RECORDS SUPPLIED Block Start

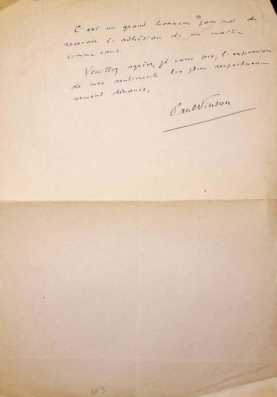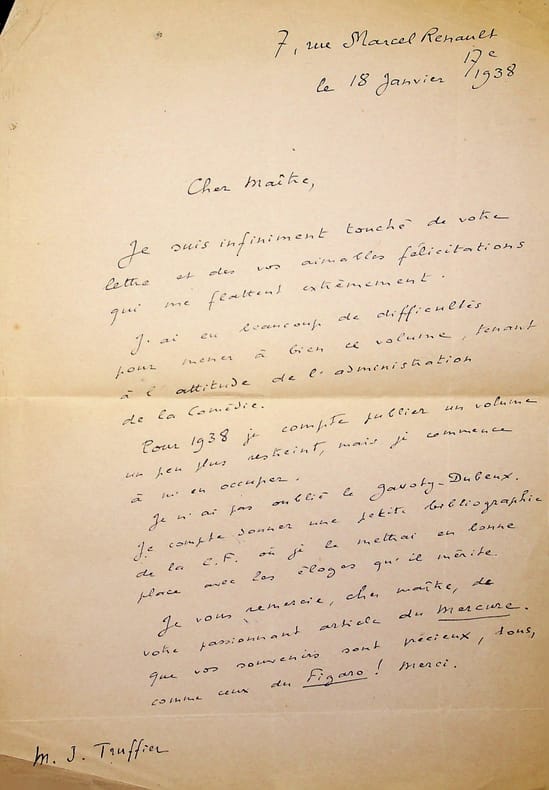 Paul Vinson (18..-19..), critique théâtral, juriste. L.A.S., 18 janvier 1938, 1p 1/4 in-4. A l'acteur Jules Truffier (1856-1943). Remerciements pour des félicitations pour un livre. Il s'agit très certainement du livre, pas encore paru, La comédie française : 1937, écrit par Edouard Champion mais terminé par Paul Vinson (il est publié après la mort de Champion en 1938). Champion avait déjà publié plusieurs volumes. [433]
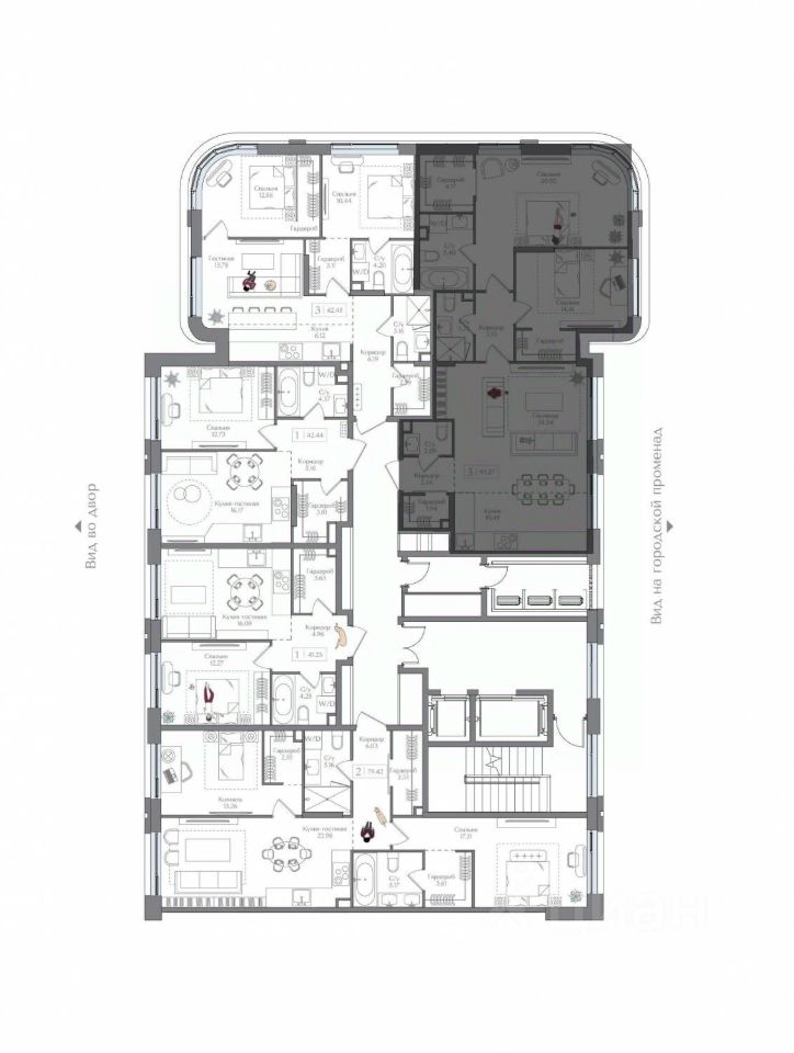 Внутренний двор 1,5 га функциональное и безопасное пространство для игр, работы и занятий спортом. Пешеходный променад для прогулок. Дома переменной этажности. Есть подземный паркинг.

RECORDS SUPPLIED Block End
RECORDS SUPPLIED Block Start

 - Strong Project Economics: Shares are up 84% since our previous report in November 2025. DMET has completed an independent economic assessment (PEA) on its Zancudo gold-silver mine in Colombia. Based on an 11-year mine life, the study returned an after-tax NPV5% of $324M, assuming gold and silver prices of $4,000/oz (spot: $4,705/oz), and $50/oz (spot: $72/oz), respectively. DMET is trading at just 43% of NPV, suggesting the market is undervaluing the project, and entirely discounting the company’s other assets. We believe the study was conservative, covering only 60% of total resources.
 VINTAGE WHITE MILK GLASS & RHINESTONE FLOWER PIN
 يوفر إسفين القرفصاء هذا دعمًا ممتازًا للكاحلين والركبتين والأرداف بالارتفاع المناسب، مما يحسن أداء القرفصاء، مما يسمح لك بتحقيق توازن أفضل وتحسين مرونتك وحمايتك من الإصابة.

RECORDS SUPPLIED Block End
RECORDS SUPPLIED Block Start

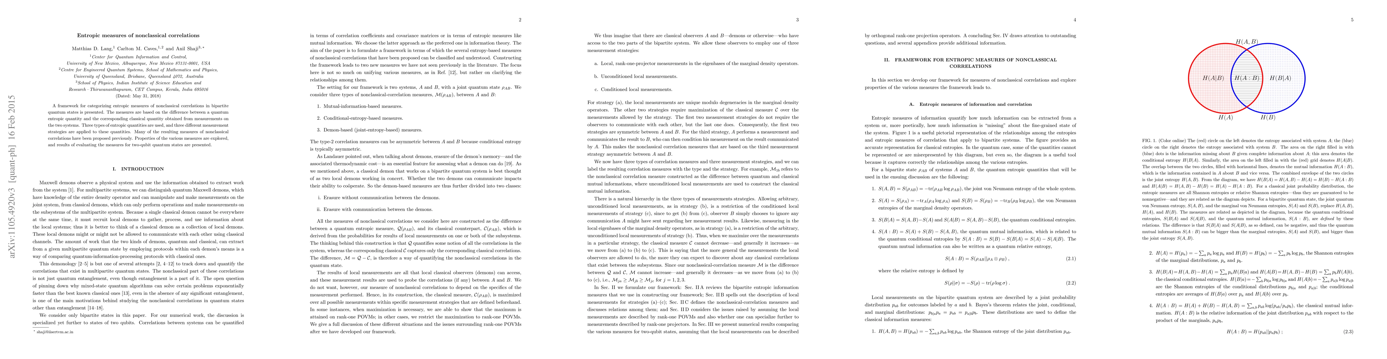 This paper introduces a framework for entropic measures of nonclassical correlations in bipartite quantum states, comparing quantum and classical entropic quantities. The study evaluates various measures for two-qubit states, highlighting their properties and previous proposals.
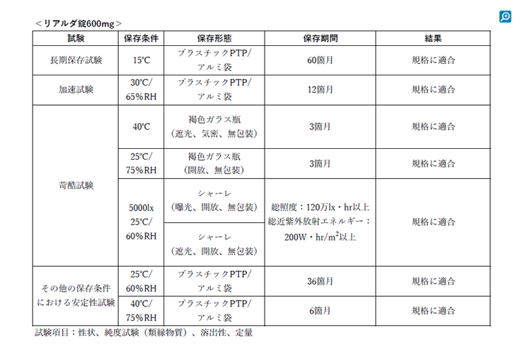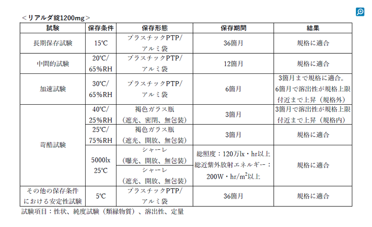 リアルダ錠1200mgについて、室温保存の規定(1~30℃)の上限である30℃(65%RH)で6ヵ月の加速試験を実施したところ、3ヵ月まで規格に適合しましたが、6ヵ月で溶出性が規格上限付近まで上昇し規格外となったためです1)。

RECORDS SUPPLIED Block End

WHAT YOU NEED TO DO => Each line above from the one with "VINTAGE WHITE MILK" up to and including the one with "يوفر إسفين القرفصاء" must be set down exactly, and no line outside that span may appear.

SOLUTION TO THE PROBLEM =>
 VINTAGE WHITE MILK GLASS & RHINESTONE FLOWER PIN
 يوفر إسفين القرفصاء هذا دعمًا ممتازًا للكاحلين والركبتين والأرداف بالارتفاع المناسب، مما يحسن أداء القرفصاء، مما يسمح لك بتحقيق توازن أفضل وتحسين مرونتك وحمايتك من الإصابة.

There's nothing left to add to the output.